Negative real interest rates

The scenario described is very realistic. Leading German research institutes and banks are assuming an inflation rate of 8 percent for the whole year in 2022 and expect inflation in 2023 to be between a good 7 and almost 10 percent. With 8 percent inflation, the value of money halves in just eight years – and with this value Germany is only in the middle of the euro member countries. In the Baltic States, inflation has been in the double digits for more than half a year and has now crossed the 20 percent mark. With inflation of 20 percent, 50,000 euros will shrink to 33,400 euros in two years.

Since savings deposits and bonds continue to yield only low returns (5-year and 10-year Bunds are currently trading at 1.8 and 1.9 percent), real interest rates are also currently very negative. To calculate the largely risk-free real interest rates, inflation is subtracted from the yield on ten-year German government bonds, for example. This currently results in a real interest rate of around minus 6 percent. Negative real interest rates act like a tax on savings due to the real loss of purchasing power.

In the public debate, the reason for this perfidious loss of prosperity, which is hardly noticeable, is mostly the high energy prices due to the Russian invasion of Ukraine. But that is only part of the truth. The inflation rate in Germany has been over 4 percent since last October and over 5 percent since December – twice as high as the ECB’s target for the euro zone average.

Smart monetary policy

The central bankers did not take these warning signals seriously for a long time. Instead, they claimed that the high inflation is temporary because it stems from the fallout from the pandemic and disruptions in global supply chains. Critics already doubted this thesis last autumn. The war in Ukraine, the reactions of the West to it and the exploding energy prices due to the curtailed gas supplies from Russia finally thwarted the central banks’ forecast. Inflation has been rising across the board for a long time. Food prices in Germany have been increasing at double-digit rates since May.

Central banks should act with foresight, because monetary policy always works with large lags; Experts often speak of six to twelve months. But that is exactly what the ECB and other central banks have not done. For a long time, they preferred to delude themselves with the illusion that they could easily curb inflation by raising interest rates at any time. But once high inflation has manifested itself, it is already too late for fast-acting countermeasures.

A central bank always has a certain amount of leeway when it comes to monetary policy. The ECB has used this excessively for a very generous monetary policy in recent years with its zero and negative interest rate policy and securities purchases amounting to five trillion euros. This was probably also due to the high level of debt and the financing needs of many member states. A clever monetary policy would have retained more leeway in order to be able to act more effectively in an emergency.
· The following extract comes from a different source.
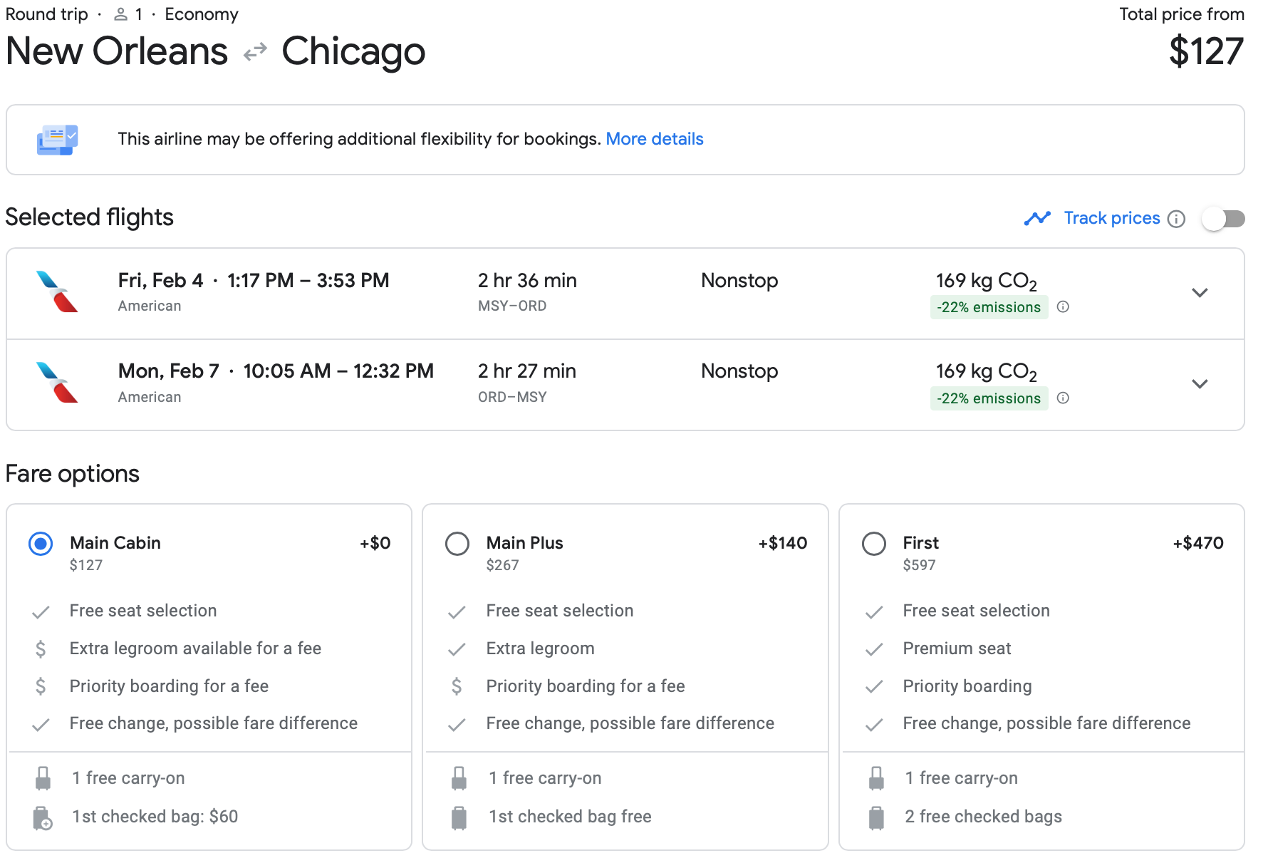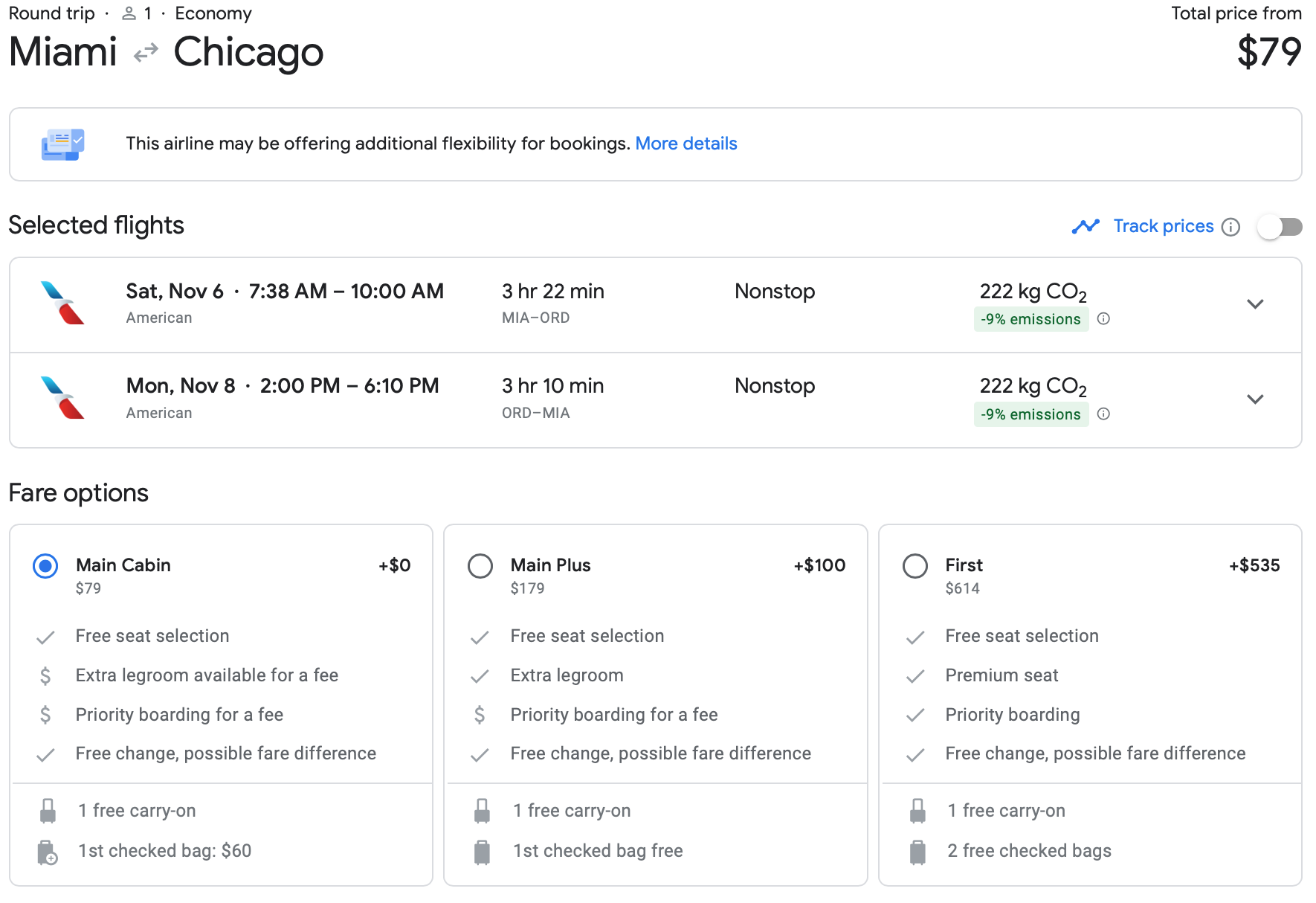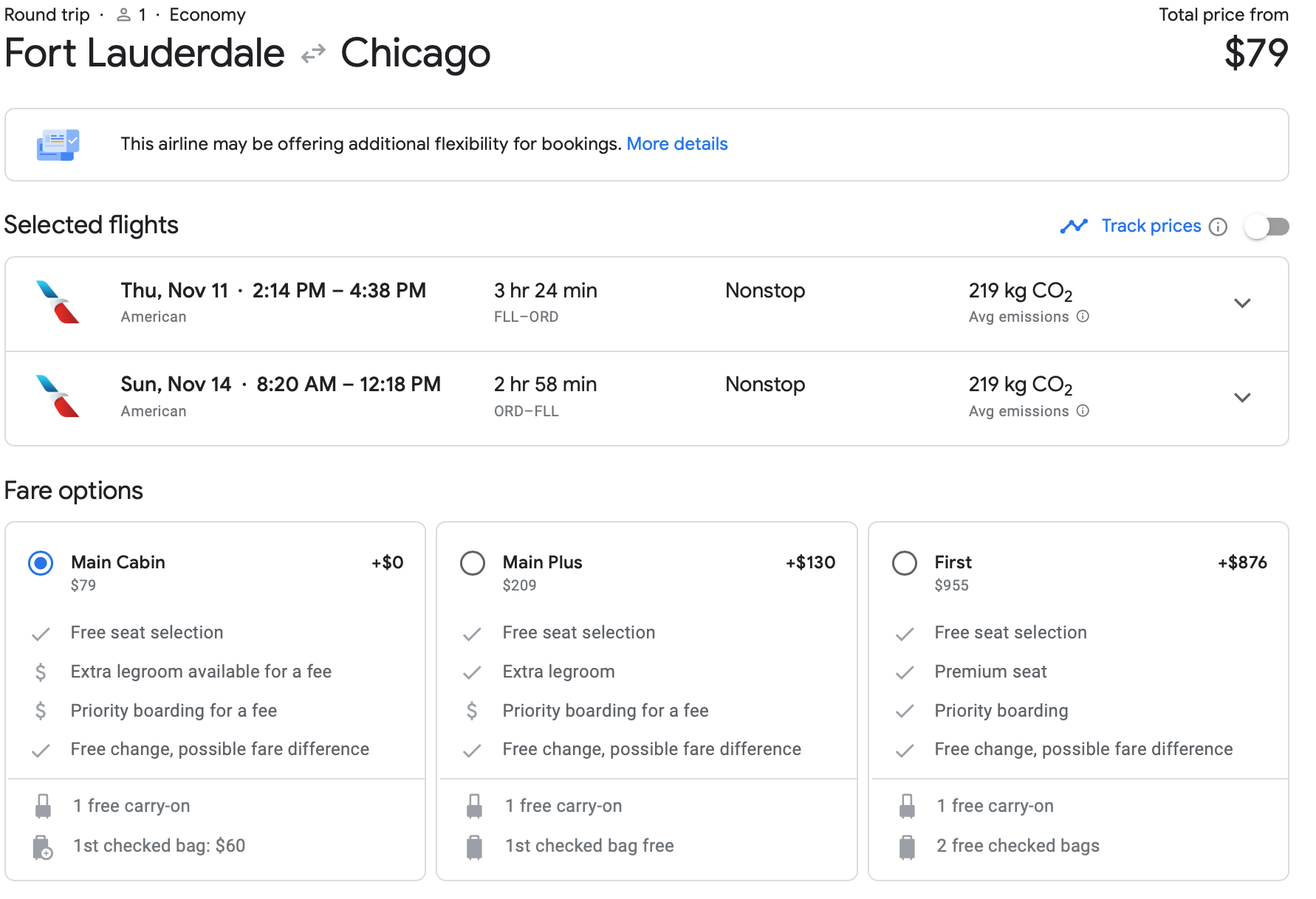 The fares offered by American and United are Main Cabin, which come with a free carry-on bag and seat assignment. The other flights in this offer are for Basic Economy seats. Many of the best prices we found were departure flights out of Florida, like this dirt-cheap price for a flight out of Fort Lauderdale (FLL) to Chicago for just $79 for a Main Cabin seat.

However, that did not happen, which is why the central bankers currently do not deserve the synonym “currency guardians”. This is all the more true given that the euro has lost 17 percent of its value against the dollar in one year.

Financial Self Defense

The ECB can now regret this development, but the damage has been done – and the citizens have to pay for it. Stagnation is currently developing in Germany, i.e. a stagnating economy with high inflation rates. And for 2023, economists mostly expect a recession. How severe this will be also depends on the supply of natural gas to industry in winter.
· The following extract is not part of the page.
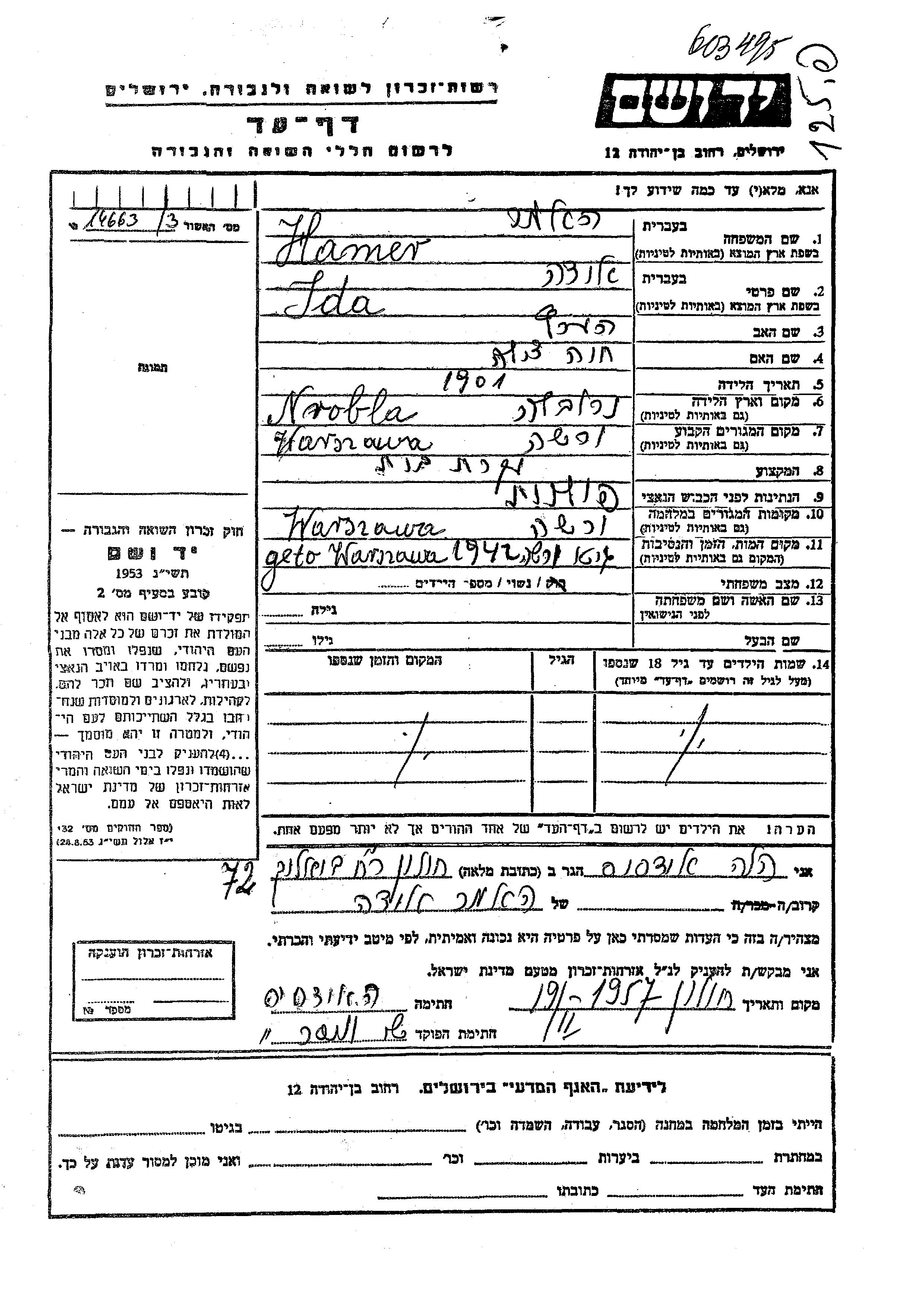 Hamer Ida 1901 Warszawa, Poland Page of Testimony

What can we do? Financial self-defense is difficult, if not impossible, at the moment. The purchasing power of money cannot be maintained with savings and time deposit accounts or bonds, even if investors take greater risks and switch to longer maturities. Even real values ​​such as stocks offer only limited protection, as there are usually significant price corrections in phases of economic weakness. In the 1970s, commodities performed relatively well in a fairly similar environment. If you are planning major purchases such as buying a car or a kitchen, you should make them as quickly as possible. Otherwise there is little chance of sustainably escaping cold expropriation.